Trump’s latest outburst against Puerto Rico, explained

On the heels of the Senate’s failure to pass a disaster relief bill on Monday, President Donald Trump posted a string of factually inaccurate tweets defending his position that federal government aid to the hurricane-ravaged island of Puerto Rico should be limited to food stamp subsidies, and made clear he prioritizes the needs of US citizens living in flood-ravaged Midwestern states above those of US citizens living in Puerto Rico.

In his tweets Monday evening, Trump oddly referred to the US territory as a “place,” accused Puerto Rican politicians of being “incompetent or corrupt” — he referred to San Juan Mayor Carmen Yulín Cruz as “crazed” — and framed the question of how much disaster relief funding to provide to the island and flood-affected farmers in the Midwest as a zero-sum game, writing that “the Dems wants to give [Puerto Rico] more, taking dollars away from our Farmers and so many others. Disgraceful!”

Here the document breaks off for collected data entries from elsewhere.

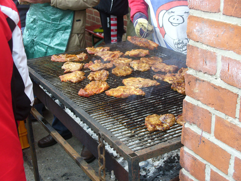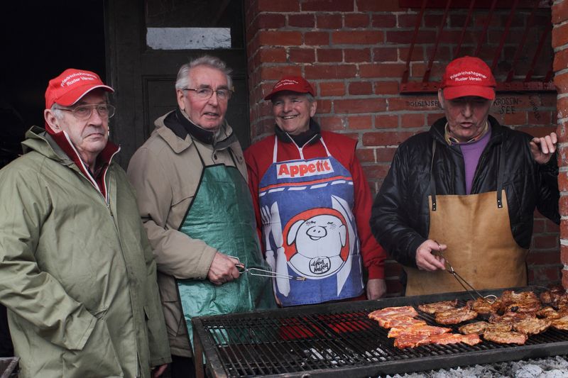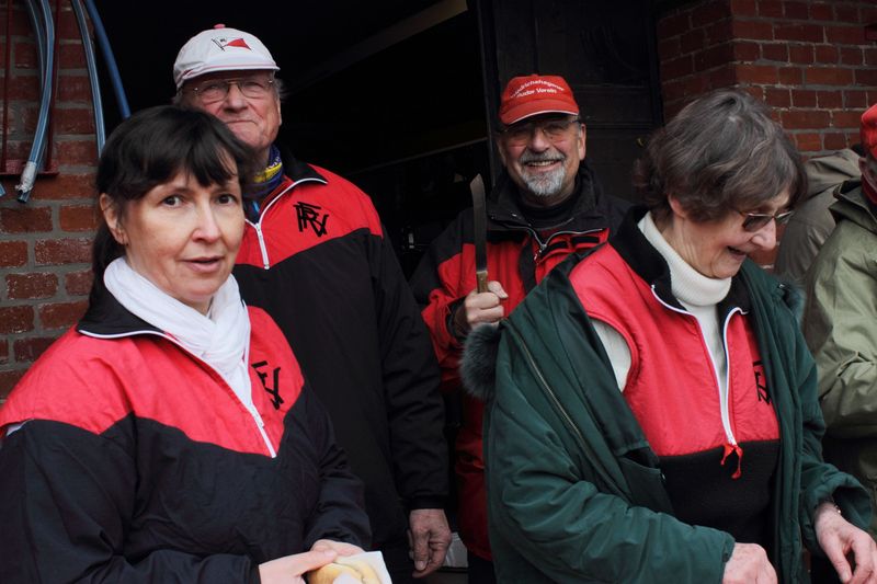 Die Biere flossen aus allem Rohren in die Kehlen, doch unwiderstehlich war auch die Fülle und Qualität der etwa 50 Kuchen, selbst gebacken von der bewährten Brigade der FRV-Damen, mit Prima-Kaffee. Schnell stieg der Stimmungspegel, draußen angeheizt von Wackis ohren- und sinnebetäubender Beschallung, auch Musik genannt. Bald füllten auch unzählige Würste und Steaks die Mägen, präsentiert von unseren Fleißigen an den Abfutter-Ständen.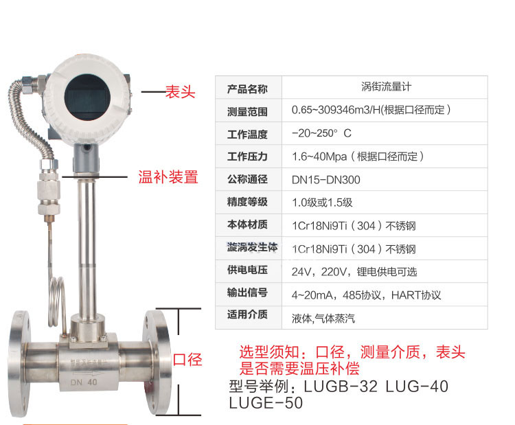 LUG渦街流量計 溫壓補償 夾持安裝 氣體液體均可測量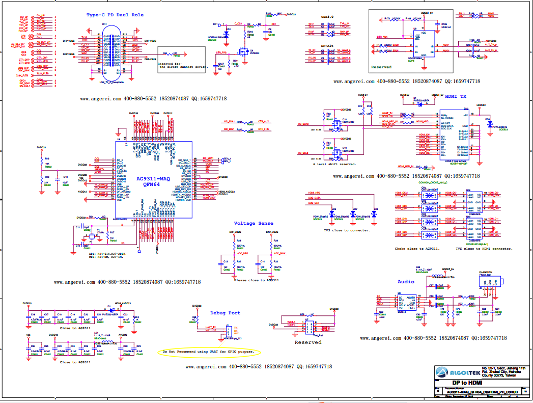 以上就是AG9311带PD3.0的USB TYPE-C转HDMI数据转换电路设计的整体原理图,另外还可以提供AG9311的DEMO板方便大家进行各种功能的测试和验证。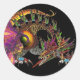 DRAGO / FANTASY GOLD DRAGON IN PURPLE AND BLACK CLASSIC ROUND STICKER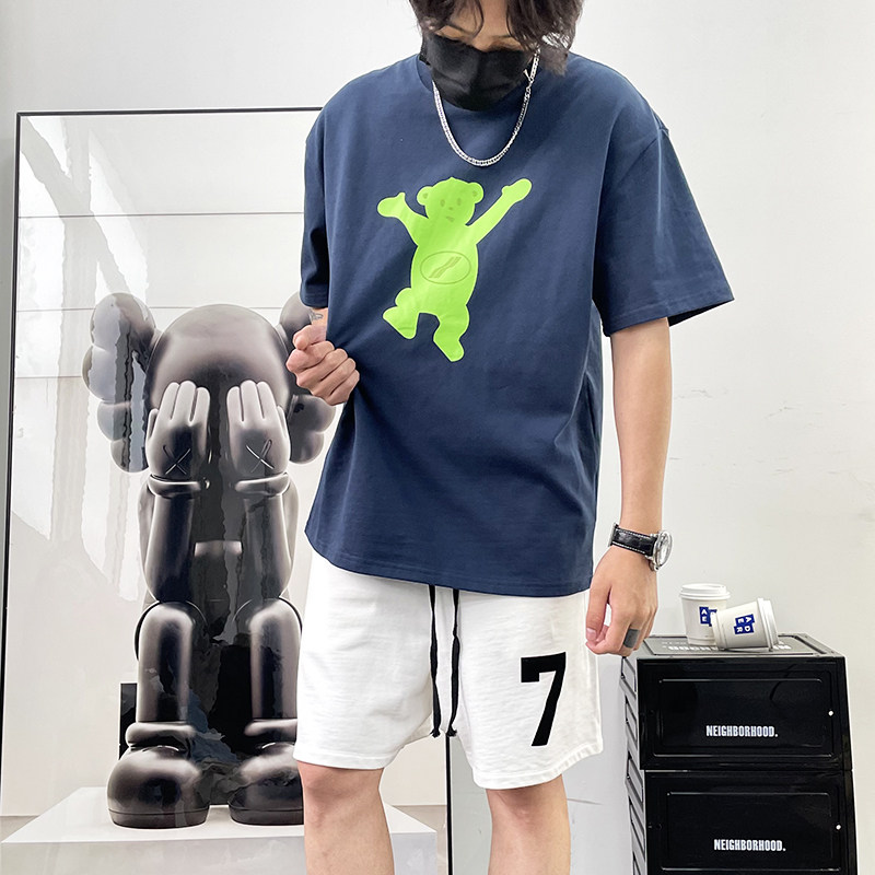 The popular fried chicken WE11DONE teddy bear double-sided print loose trend silhouette couple's short-sleeved T-shirt

It is not the case, however, that $91 billion has been sent to Puerto Rico in response to 2017’s Hurricane Maria and last year’s Hurricane Michael. As the Washington Post detailed, about $11 billion has been sent to the island so far — far less than the more than $120 billion the federal government has spent (and continues to spend) in response to 2005’s Hurricane Katrina. The $91 billion figure Trump cited refers to the estimated cost of Puerto Rico’s recovery over a period spanning decades.

Trump had more to say on the topic on Tuesday morning, tweeting that “[t]he best thing that ever happened to Puerto Rico is President Donald J. Trump. So many wonderful people, but with such bad Island leadership and with so much money wasted. Cannot continue to hurt our Farmers and States with these massive payments, and so little appreciation!”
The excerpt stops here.